» Stored data:
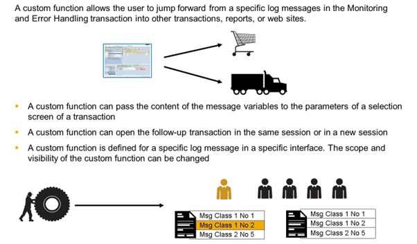 A custom function allows a user to jump into another transaction directly from the Monitoring and Error Handling transaction.
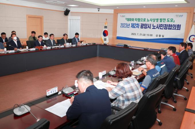 [µ¥Àϸ®Àü³² = ÃÖ¿µ¹Î ±âÀÚ] ±¤¾ç½Ã´Â Áö³ 21ÀÏ ½Ãû »óȲ½Ç¿¡¼ ¡®2023³âµµ Á¦2ȸ ³ë»ç¹ÎÁ¤ÇùÀÇȸ¡¯¸¦ °³ÃÖÇϰí Àû±ØÀûÀÎ ÁßÀç³ë·Â¿¡ ³ª¼¹´Ù°í ¹àÇû´Ù.
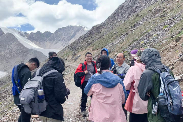 7月17日,同学们在地理科学学院周立旻教授、史贵涛教授、吕红华教授的带领下,地理科学专业拔尖班同学们再次向天山一号冰川发起挑战,探索近现代全球变化背景一号冰川消融变化及其记录的环境演变信息提取,野外采样目标是登上冰川冰斗区,获取乌鲁木齐河源冰芯及冰水样样品。为了使实习更加安全有效,史贵涛教授在出发前为同学们进行了培训,阐释了冰川的各种特性、冰川的形成机理及冰川相关工作的开展。
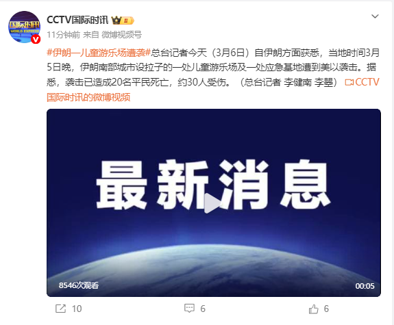 总台记者今天(3月6日)自伊朗方面获悉,当地时间3月5日晚,伊朗南部城市设拉子的一处儿童游乐场及一处应急基地遭到美以袭击。据悉,袭击已造成20名平民死亡,约30人受伤。
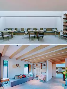 The hotel has three small buildings and twenty-three guest rooms with a variety of different room types, including family rooms, attic rooms and suites. The architectural design follows the principle of natural simplicity, with fresh and nostalgic wood finishes, gray wall and floor tiles, and rustic and warm wall materials, exuding a simple and gentle atmosphere. The rooms are equipped with Kingkoil mattresses, Pacific Coast bedding, Duravit and Hansgrohe bathroom products, and also provide pure natural toiletries extracted from crops produced on the hotel's own farm.
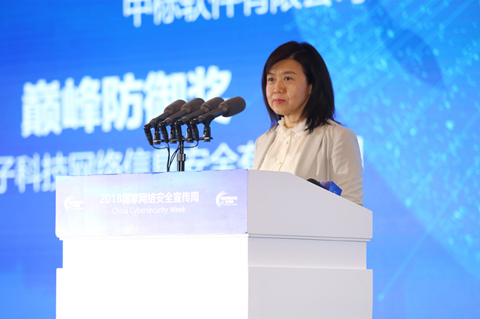图为阿里巴巴集团首席风险官郑俊芳就《创新安全,护航数字经济》发表演讲。中国网信网 李旭 摄
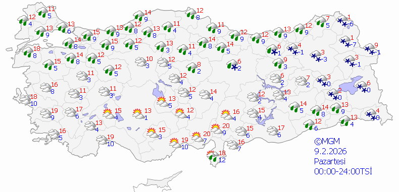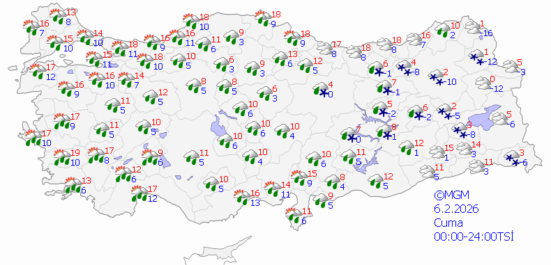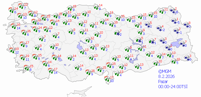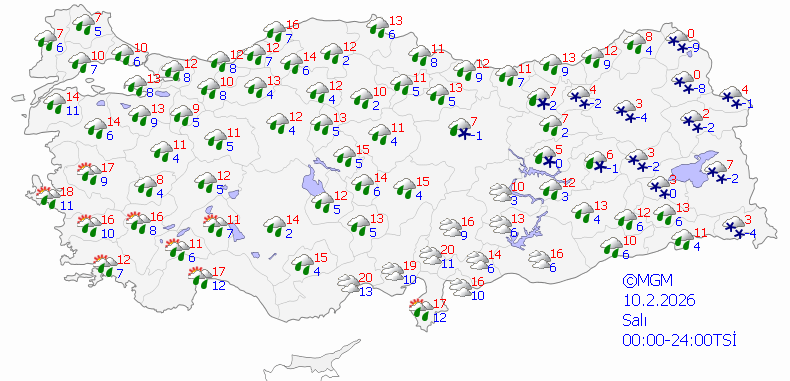 Meteoroloji Genel Müdürlüğü'nün son değerlendirmelerine göre ülke genelinde çok bulutlu ve yağışlı hava etkisini gösterecek. Yağışların birçok bölgede sağanak ve kar şeklinde görülmesi bekleniyor.

» EXERCISE GOAL:
Nothing but the lines from the one with "7月17日,同学们在地理科学" up to and including the one with "总台记者今天(3月6日)自伊" should be printed, exactly as they read above. Please keep the pictures out.

» RESULT:
 7月17日,同学们在地理科学学院周立旻教授、史贵涛教授、吕红华教授的带领下,地理科学专业拔尖班同学们再次向天山一号冰川发起挑战,探索近现代全球变化背景一号冰川消融变化及其记录的环境演变信息提取,野外采样目标是登上冰川冰斗区,获取乌鲁木齐河源冰芯及冰水样样品。为了使实习更加安全有效,史贵涛教授在出发前为同学们进行了培训,阐释了冰川的各种特性、冰川的形成机理及冰川相关工作的开展。
 总台记者今天(3月6日)自伊朗方面获悉,当地时间3月5日晚,伊朗南部城市设拉子的一处儿童游乐场及一处应急基地遭到美以袭击。据悉,袭击已造成20名平民死亡,约30人受伤。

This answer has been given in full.